Naval Power: Robert Gates Is No Henry Knox
This past Monday Secretary of Defense Robert Gates took on the U.S. Navy. In a speech to the Navy League he basically said that virtually the entire structure of today’s Navy was irrelevant to the threats of the future and too expensive to continue to build. Secretary Gates repeated his mantra that the U.S. Navy is larger (based on displacement) than the next thirteen largest with classes of ships such as aircraft carriers and large-deck amphibious ships unmatched in the world. The U.S. Navy has more carrier-capable aircraft, missile launch tubes and nuclear-powered submarines than all the rest of the world. According to the Secretary, the U.S. Navy and Marine Corps are either overbuilt for the irregular warfare threats we now face or becoming technologically overmatched by the long-range precision-strike threats of the future.
Secretary Gates’ assessment of the “bloated” size of the U.S. Navy is taken entirely out of context. It does not reflect the realities of distance, refit times, allies in different parts of the world or the fact that the U.S. Navy is the only force capable of securing the sea lanes and integrating the operations of its allies. Nor does he appear to understand how a modern ocean-going navy operates. As an erstwhile specialist on the Soviet Union he apparently has forgotten how the U.S. Navy planned to operate against the threat that country posed, one which included lots of missiles, an integrated surveillance network, hundreds of submarines and very powerful air defenses.

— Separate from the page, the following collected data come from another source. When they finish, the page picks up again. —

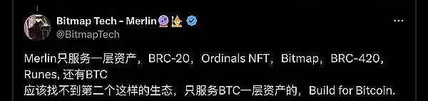 Jeff 表示,Merlin 只服务一层资产,BRC-20,Ordinals NFT,Bitmap,BRC-420,Runes, 还有 BTC,应该找不到第二个这样的生态,只服务 BTC 一层资产的,Build for Bitcoin。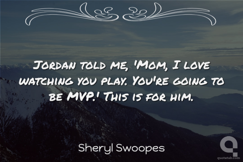 Jordan told me, 'Mom, I love watching you play. You're going to be MVP.' This is for him. Sheryl Swoopes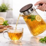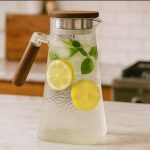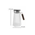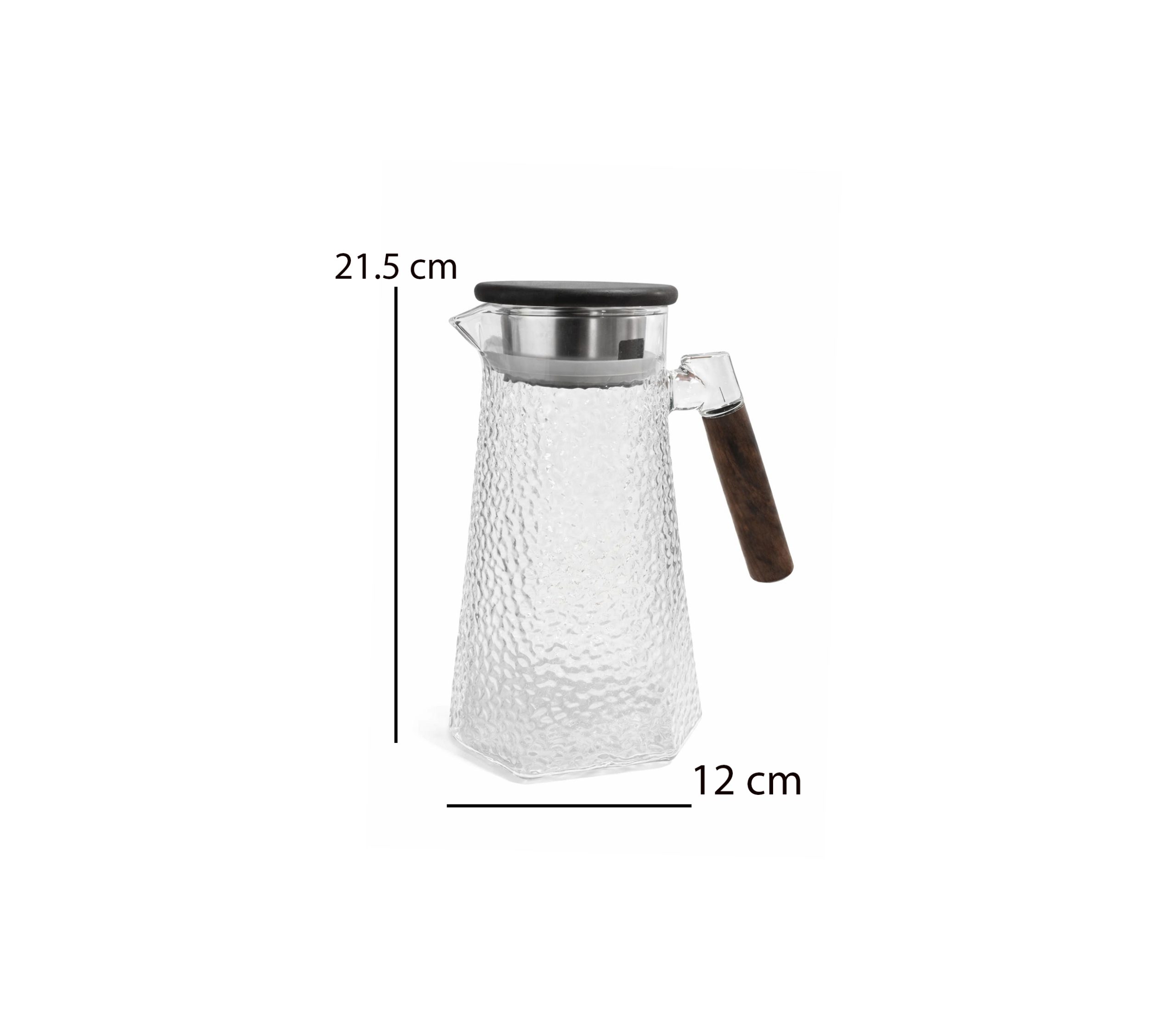 glass water pitcher with wooden handle, stainless steel filter lid and anti-drip spout for hot and cold beverages – available at Homedash Lebanon.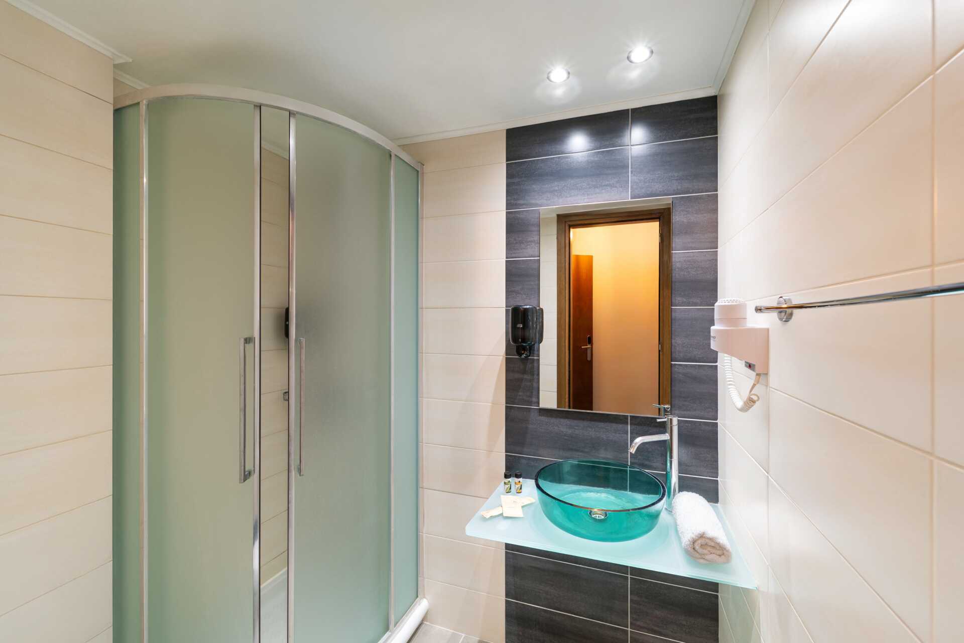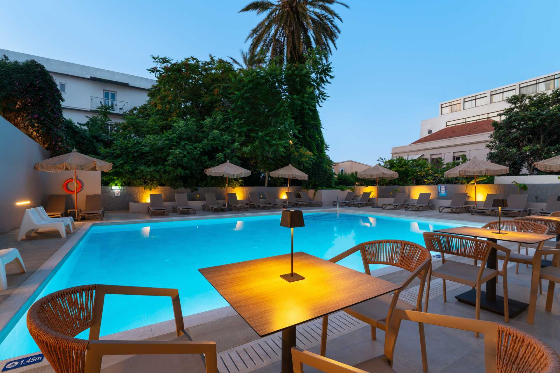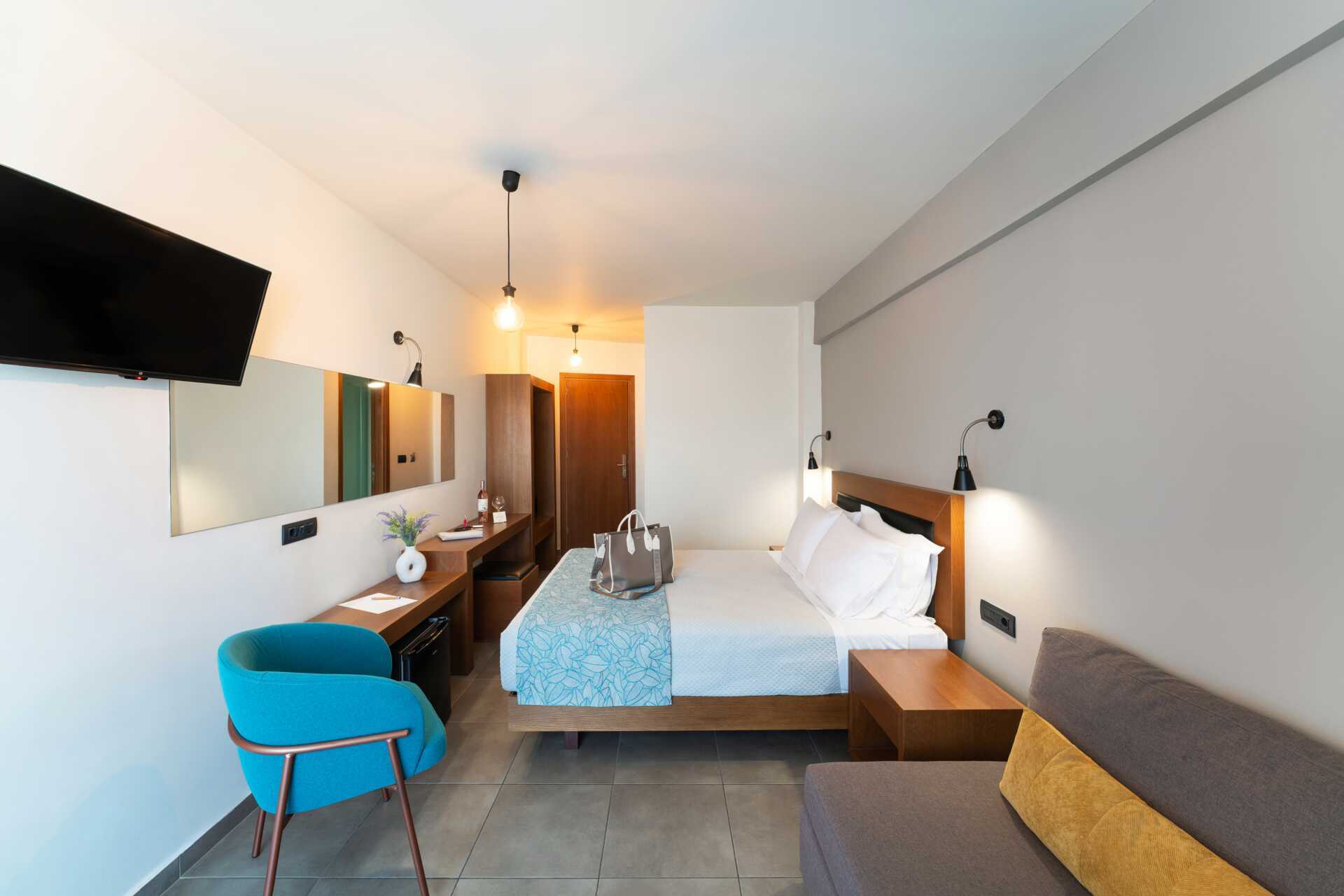 Dubbelrum med balkong i varierande storlekar. Två enkelsängar. Möjlighet till extrabädd i bäddsoffa. Kylskåp och vattenkokare. Tv med internationella kanaler. Wifi och luftkonditionering ingår. Deponering mot avgift. Hårtork. Badrum med dusch och wc. Städning 7 ggr/vecka.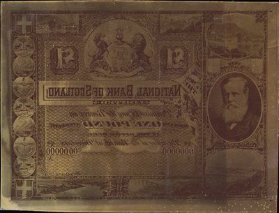 U.S. American BNC Essay Banknote Tin Type Photo Proof. ca.1880-1890's. Photo proof tin type of essay banknote for "The Bank of Scotland". Photos of face and back are on 2 different 6.5 by 5 inch thin metal (tin?). Vignette of Dom Pedro from Brazil is used on the face as well as other non Scotish related vignettes except for the title. The photos are of a model or mock up and not of a finished proof or specimen. They appear very dark but are legible and are printed in reverse. Also included is a bank note sized photo of a "United Kingdom of Great Britain and Ireland, 1 Pound specimen banknote with John Bradbury's signature on bottom. Unique in archive. Choice condition. ABNC.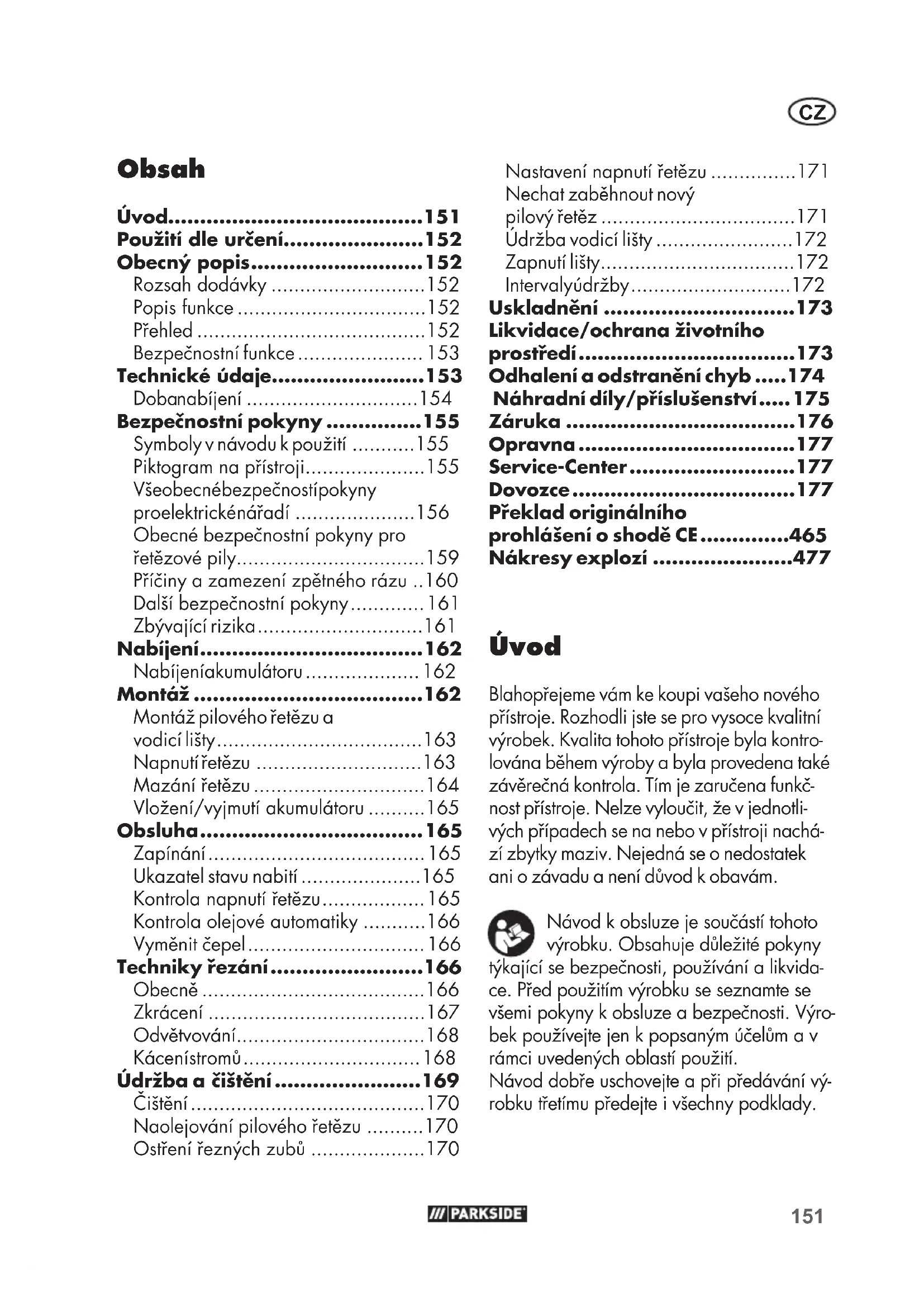 - Obecné bezpečnostní pokyny pro řetězové pily p. 159

Towards the end of his speech, Secretary Gates made reference to one of his most distinguished predecessors, our first Secretary of War and the man who founded the U.S. Navy, Henry Knox. He noted that in order to garner congressional support for his shipbuilding program, Knox had to spread his program out among different yards in multiple states. According to Gates congressional support for the alternative engine and C-17 programs are modern examples of the same problem.
Unfortunately, Gates chose to emphasize the least remarkable feature of his predecessor’s tenure. The more remarkable feature was Knox’s understanding that the fledgling country needed a navy not just to protect its shores to deal with pirates (the irregular warfare problem of his day) but to project power globally against all threats. As he declared in 1794 on the passage of the act to construct the first six frigates: “. . .this second commencement of a navy for the United States should be worthy of their national character. That the vessels should combine such qualities of strength, durability, swiftness of sailing, and force, as to render them equal, if not superior, to any frigates belonging to any of the European Powers.”
Secretary Gates is no Henry Knox. He has no strategic vision for the Navy of the future. His focus is purely tactical and technical. He does not appreciate what Knox understood more than 200 hundred years ago, that the U.S. Navy has to be a strategic capability that can sail on an ocean and face any threat. Knox built a Navy to go in harms way; Gates wants to build one to avoid being sunk.